Data extract
[Start of Attachment]

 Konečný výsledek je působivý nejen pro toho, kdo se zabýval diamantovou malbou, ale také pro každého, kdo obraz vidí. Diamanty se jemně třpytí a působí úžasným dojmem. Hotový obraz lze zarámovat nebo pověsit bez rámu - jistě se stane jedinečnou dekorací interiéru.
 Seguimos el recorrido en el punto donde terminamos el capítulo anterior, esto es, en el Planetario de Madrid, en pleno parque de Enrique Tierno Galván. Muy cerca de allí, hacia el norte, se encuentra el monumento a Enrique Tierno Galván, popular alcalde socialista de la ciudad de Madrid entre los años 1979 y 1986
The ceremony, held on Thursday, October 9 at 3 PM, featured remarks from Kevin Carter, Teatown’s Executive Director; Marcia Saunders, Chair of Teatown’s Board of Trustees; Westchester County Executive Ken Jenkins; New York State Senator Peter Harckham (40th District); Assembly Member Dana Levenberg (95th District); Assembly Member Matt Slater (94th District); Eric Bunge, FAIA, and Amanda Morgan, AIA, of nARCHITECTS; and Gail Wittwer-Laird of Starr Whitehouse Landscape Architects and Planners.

[End of Attachment]
[Start of Attachment]

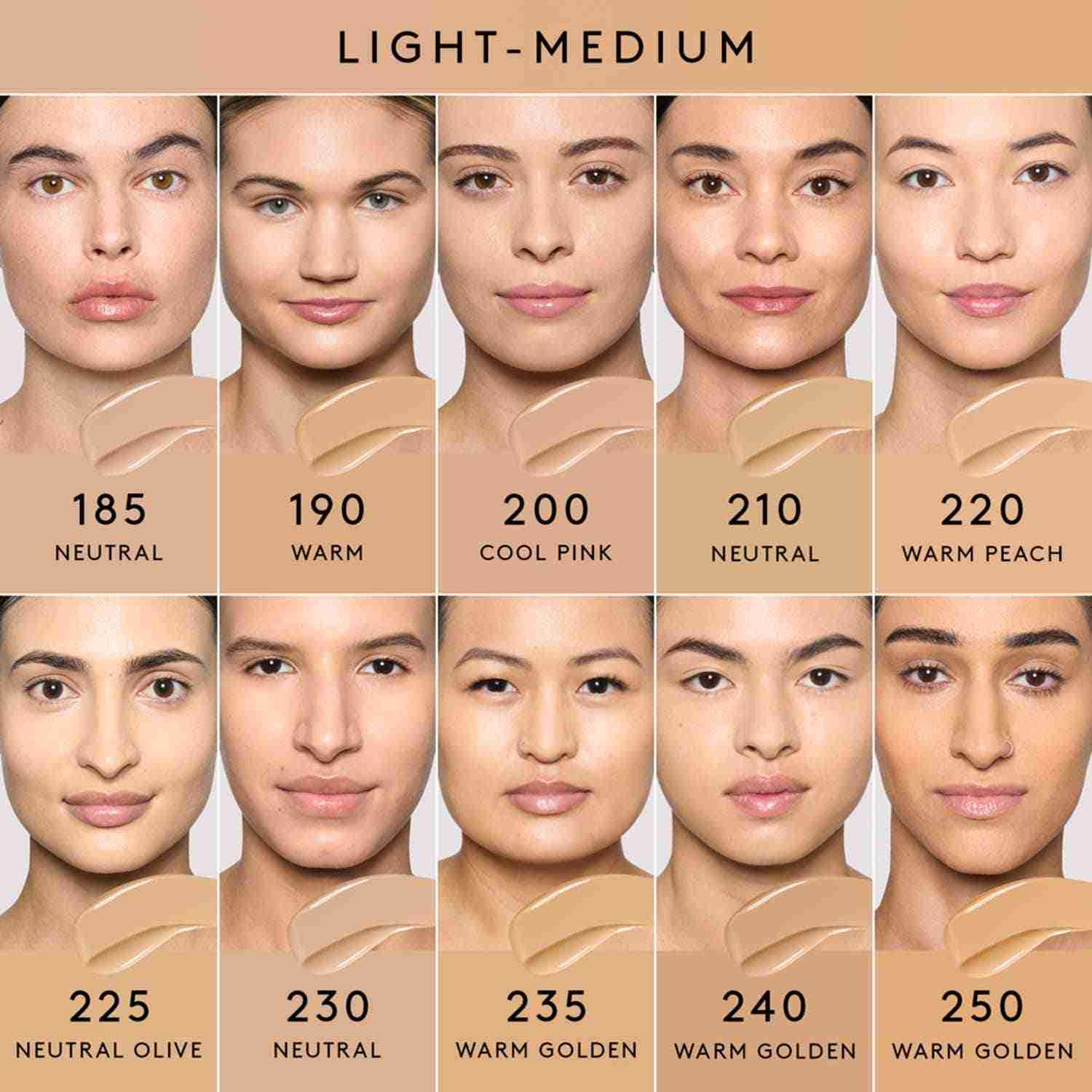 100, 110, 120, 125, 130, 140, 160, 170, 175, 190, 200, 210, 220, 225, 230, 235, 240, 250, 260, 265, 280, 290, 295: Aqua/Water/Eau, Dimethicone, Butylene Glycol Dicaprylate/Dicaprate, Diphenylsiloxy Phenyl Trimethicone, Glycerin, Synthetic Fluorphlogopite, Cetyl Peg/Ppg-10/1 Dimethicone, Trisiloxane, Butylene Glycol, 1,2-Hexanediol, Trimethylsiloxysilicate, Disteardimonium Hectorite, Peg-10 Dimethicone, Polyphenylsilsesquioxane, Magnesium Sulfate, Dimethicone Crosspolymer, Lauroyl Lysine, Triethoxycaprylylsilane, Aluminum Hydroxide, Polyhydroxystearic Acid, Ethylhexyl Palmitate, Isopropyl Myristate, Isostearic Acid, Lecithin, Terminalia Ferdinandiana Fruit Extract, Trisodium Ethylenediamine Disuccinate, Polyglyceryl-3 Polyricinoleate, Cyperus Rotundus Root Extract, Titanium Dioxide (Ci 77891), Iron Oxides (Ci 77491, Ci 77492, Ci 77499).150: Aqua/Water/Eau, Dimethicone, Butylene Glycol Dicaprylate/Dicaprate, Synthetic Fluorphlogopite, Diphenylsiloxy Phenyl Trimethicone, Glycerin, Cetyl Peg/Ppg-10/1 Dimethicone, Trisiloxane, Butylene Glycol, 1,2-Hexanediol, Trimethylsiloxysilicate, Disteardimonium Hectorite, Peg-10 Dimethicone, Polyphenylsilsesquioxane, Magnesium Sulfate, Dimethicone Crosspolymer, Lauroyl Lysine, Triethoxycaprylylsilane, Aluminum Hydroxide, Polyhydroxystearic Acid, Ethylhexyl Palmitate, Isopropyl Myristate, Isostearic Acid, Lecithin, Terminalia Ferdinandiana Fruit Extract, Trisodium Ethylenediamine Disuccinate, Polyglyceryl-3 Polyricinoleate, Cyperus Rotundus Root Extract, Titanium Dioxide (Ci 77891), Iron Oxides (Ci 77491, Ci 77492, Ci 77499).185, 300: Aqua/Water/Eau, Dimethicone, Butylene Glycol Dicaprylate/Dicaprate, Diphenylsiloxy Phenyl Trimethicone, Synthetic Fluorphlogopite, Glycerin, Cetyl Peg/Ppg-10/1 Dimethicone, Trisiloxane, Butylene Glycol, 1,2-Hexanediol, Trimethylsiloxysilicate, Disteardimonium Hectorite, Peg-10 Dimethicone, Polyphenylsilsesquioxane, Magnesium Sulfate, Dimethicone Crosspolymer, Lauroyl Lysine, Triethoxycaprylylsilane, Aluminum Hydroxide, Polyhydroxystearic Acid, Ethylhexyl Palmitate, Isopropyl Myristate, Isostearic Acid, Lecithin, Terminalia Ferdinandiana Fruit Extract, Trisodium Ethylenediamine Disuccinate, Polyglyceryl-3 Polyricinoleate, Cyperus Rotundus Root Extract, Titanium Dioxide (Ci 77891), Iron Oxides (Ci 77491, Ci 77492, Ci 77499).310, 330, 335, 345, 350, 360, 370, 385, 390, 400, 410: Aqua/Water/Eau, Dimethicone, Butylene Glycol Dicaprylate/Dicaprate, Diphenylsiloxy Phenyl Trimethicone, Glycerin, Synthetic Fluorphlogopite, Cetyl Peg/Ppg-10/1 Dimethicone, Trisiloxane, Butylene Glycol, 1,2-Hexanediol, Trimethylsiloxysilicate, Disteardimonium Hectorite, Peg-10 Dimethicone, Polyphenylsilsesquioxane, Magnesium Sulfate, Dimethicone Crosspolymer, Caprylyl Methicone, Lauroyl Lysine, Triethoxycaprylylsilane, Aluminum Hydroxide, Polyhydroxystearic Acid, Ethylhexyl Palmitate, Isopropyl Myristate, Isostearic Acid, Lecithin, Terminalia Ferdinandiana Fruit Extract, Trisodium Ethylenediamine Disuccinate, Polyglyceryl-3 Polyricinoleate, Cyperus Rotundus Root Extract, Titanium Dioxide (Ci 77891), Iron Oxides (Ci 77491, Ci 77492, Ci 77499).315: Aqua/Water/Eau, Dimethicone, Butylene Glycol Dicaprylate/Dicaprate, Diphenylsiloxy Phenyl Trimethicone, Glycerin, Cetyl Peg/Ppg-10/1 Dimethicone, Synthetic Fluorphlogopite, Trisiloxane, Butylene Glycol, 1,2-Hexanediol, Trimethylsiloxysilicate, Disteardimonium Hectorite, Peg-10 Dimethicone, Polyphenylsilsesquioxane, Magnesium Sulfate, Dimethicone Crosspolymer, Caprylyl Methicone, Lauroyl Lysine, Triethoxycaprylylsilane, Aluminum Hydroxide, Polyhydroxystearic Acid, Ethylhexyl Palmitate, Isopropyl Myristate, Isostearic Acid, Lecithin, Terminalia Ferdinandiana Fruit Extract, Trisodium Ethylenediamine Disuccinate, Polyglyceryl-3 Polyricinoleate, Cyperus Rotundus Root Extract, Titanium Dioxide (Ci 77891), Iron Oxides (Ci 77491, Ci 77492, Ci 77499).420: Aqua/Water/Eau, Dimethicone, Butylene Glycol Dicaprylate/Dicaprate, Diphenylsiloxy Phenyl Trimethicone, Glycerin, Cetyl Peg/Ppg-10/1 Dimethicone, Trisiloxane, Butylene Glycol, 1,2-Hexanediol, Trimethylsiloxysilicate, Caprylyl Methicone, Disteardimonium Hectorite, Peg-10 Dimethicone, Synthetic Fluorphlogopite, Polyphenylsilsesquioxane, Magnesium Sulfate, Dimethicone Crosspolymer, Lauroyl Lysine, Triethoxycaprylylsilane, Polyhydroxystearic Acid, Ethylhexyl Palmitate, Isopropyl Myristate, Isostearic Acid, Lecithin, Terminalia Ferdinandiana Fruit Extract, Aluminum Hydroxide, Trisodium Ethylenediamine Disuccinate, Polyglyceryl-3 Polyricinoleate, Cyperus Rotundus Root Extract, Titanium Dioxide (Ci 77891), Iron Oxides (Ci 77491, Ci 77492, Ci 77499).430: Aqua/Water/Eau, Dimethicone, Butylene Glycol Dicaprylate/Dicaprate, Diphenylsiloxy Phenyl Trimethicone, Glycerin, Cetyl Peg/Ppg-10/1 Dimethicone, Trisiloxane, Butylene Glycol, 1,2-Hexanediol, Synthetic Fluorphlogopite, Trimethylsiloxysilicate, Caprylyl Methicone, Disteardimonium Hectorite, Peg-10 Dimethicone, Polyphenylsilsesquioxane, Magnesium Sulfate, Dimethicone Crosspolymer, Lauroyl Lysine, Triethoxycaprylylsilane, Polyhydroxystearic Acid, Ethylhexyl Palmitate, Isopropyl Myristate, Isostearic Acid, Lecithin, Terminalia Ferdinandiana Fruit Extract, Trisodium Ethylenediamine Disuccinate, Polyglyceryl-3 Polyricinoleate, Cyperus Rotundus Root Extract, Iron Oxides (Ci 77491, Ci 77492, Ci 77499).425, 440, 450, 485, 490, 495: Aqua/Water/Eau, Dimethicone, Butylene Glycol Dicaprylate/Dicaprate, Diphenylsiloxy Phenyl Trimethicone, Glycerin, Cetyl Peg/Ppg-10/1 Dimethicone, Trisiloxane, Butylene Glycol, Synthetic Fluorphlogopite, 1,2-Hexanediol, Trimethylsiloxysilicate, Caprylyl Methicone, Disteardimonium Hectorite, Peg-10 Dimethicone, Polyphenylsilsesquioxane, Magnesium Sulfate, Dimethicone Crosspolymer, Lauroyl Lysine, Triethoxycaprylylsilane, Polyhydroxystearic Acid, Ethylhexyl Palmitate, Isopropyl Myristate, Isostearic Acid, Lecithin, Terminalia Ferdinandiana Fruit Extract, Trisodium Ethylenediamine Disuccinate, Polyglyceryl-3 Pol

[End of Attachment]
[Start of Attachment]

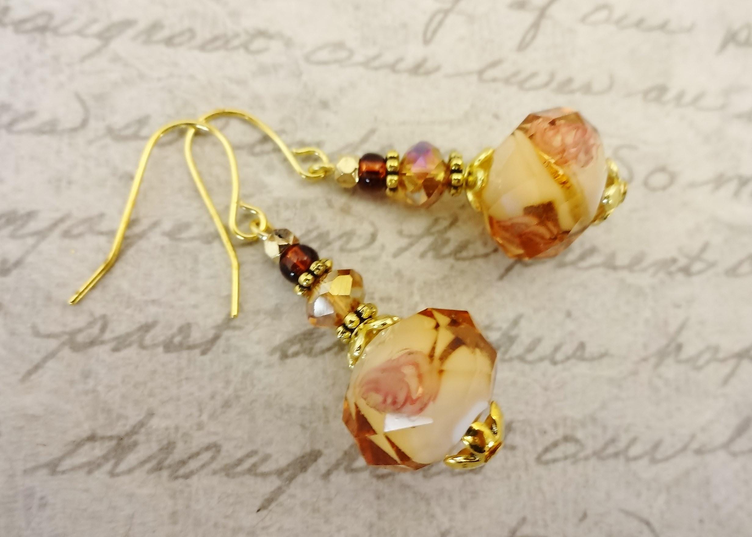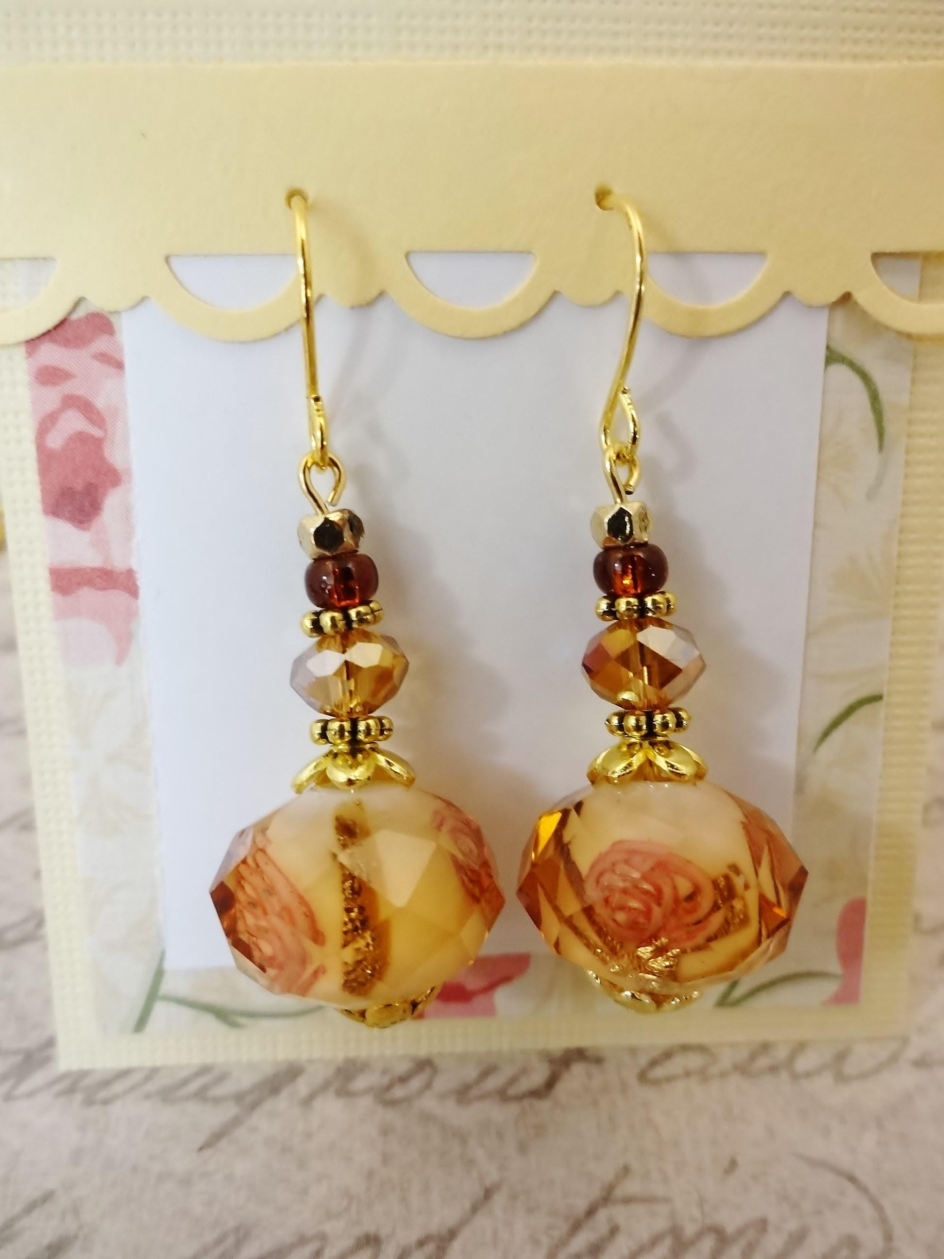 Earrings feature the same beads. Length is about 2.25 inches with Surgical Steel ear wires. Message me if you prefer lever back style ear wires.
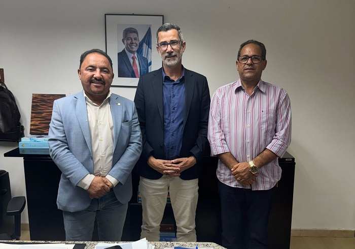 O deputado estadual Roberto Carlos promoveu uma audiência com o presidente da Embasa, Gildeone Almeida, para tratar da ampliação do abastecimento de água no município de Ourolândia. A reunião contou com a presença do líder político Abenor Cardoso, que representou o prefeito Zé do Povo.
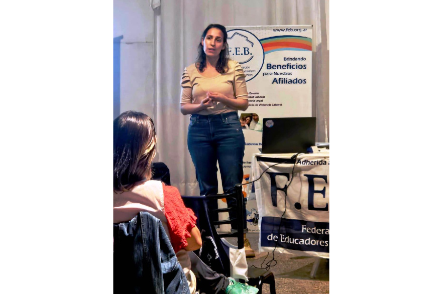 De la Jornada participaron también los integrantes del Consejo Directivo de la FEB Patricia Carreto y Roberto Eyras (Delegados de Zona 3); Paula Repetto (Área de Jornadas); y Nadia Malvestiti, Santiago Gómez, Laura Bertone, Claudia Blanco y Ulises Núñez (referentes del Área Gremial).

[End of Attachment]

How to complete this task
Keep both end lines and retype everything in the records above from the line containing "Seguimos el recorrido" through the line containing "The ceremony, held", exactly, with nothing else.

Task output
 Seguimos el recorrido en el punto donde terminamos el capítulo anterior, esto es, en el Planetario de Madrid, en pleno parque de Enrique Tierno Galván. Muy cerca de allí, hacia el norte, se encuentra el monumento a Enrique Tierno Galván, popular alcalde socialista de la ciudad de Madrid entre los años 1979 y 1986
The ceremony, held on Thursday, October 9 at 3 PM, featured remarks from Kevin Carter, Teatown’s Executive Director; Marcia Saunders, Chair of Teatown’s Board of Trustees; Westchester County Executive Ken Jenkins; New York State Senator Peter Harckham (40th District); Assembly Member Dana Levenberg (95th District); Assembly Member Matt Slater (94th District); Eric Bunge, FAIA, and Amanda Morgan, AIA, of nARCHITECTS; and Gail Wittwer-Laird of Starr Whitehouse Landscape Architects and Planners.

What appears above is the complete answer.